[GIVEN ENTRIES — start]
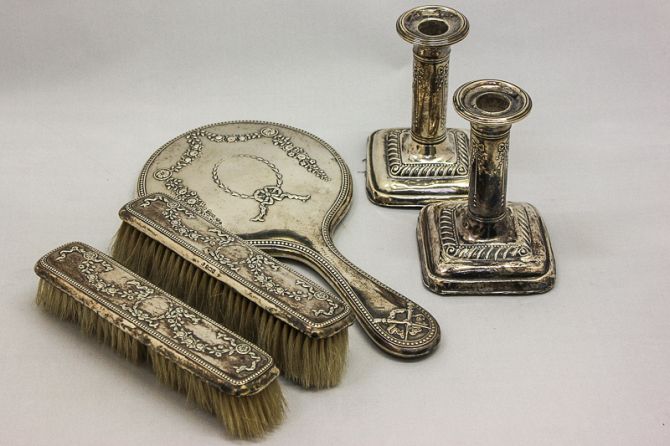 A silver back hand mirror and two matching clothes brushes and a pair of silver matching candlesticks, Birmingham 1906
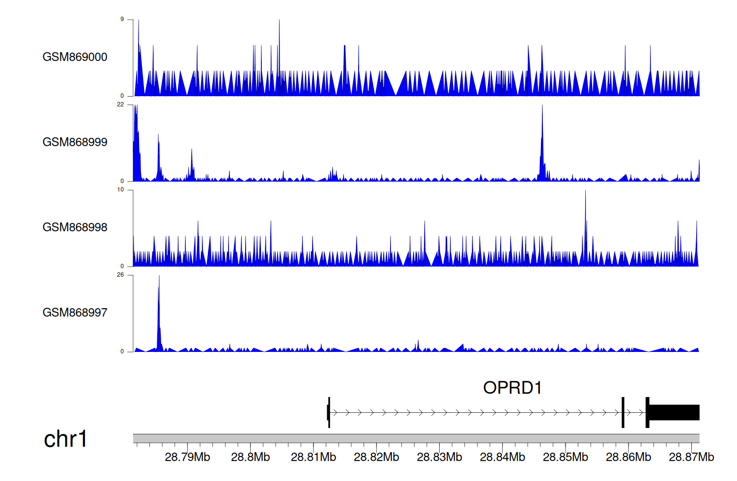 > Dataset: GSE68402 - OPRD1 peak across samples
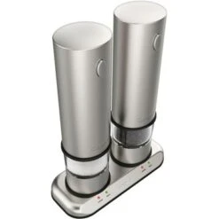 Details These rechargeable Salt & Pepper Mills from Cuisinart are an easy and elegant way to serve freshly ground salt and pepper. Mills sit in a sleek power base and are always fully charged. LED lights up for when they are charging and when ready. Mills adjust for fine to course grinds Charge and ready indicator lights illuminate when in the charger Clear spice-holder containers make it easy to check salt and pepper levels at a glance Brushed stainless steel with embossed Cuisinart logo Includes: Salt mill (spice sold separately) Pepper mill (spice sold separately) Rechargeable cordless holder Set measures 1.23″ L x 2.61″ W x 3.94″ H Requires 4 AA rechargeable batteries (included) 3-year limited manufacturer’s warranty.
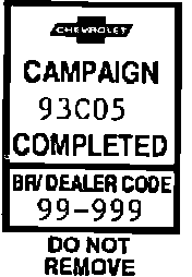 CAMPAIGN IDENTIFICATION LABELEach vehicle corrected in accordance with the instructions outlined in this Product Campaign Bulletin will require a "Campaign Identification Label." Each label provides a space to include the campaign number and the five (5) digit dealer code of the dealer performing the campaign service. This information may be inserted with a typewriter or a ball point pen.
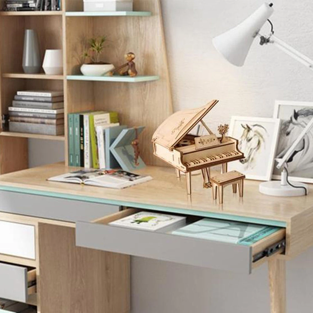 A very small piano for display, that is. This set comes with 74 pre-cut wooden pieces that can be put together to build this impressive miniature grand piano model! You won’t need glue or tools, just a good eye and steady hand.
[GIVEN ENTRIES — finish]
■ **EXERCISE DIRECTIONS**:
A word-for-word transcript of the entries above is needed, with pictures removed.

■ **SOLUTION**:
 A silver back hand mirror and two matching clothes brushes and a pair of silver matching candlesticks, Birmingham 1906
 > Dataset: GSE68402 - OPRD1 peak across samples
 Details These rechargeable Salt & Pepper Mills from Cuisinart are an easy and elegant way to serve freshly ground salt and pepper. Mills sit in a sleek power base and are always fully charged. LED lights up for when they are charging and when ready. Mills adjust for fine to course grinds Charge and ready indicator lights illuminate when in the charger Clear spice-holder containers make it easy to check salt and pepper levels at a glance Brushed stainless steel with embossed Cuisinart logo Includes: Salt mill (spice sold separately) Pepper mill (spice sold separately) Rechargeable cordless holder Set measures 1.23″ L x 2.61″ W x 3.94″ H Requires 4 AA rechargeable batteries (included) 3-year limited manufacturer’s warranty.
 CAMPAIGN IDENTIFICATION LABELEach vehicle corrected in accordance with the instructions outlined in this Product Campaign Bulletin will require a "Campaign Identification Label." Each label provides a space to include the campaign number and the five (5) digit dealer code of the dealer performing the campaign service. This information may be inserted with a typewriter or a ball point pen.
 A very small piano for display, that is. This set comes with 74 pre-cut wooden pieces that can be put together to build this impressive miniature grand piano model! You won’t need glue or tools, just a good eye and steady hand.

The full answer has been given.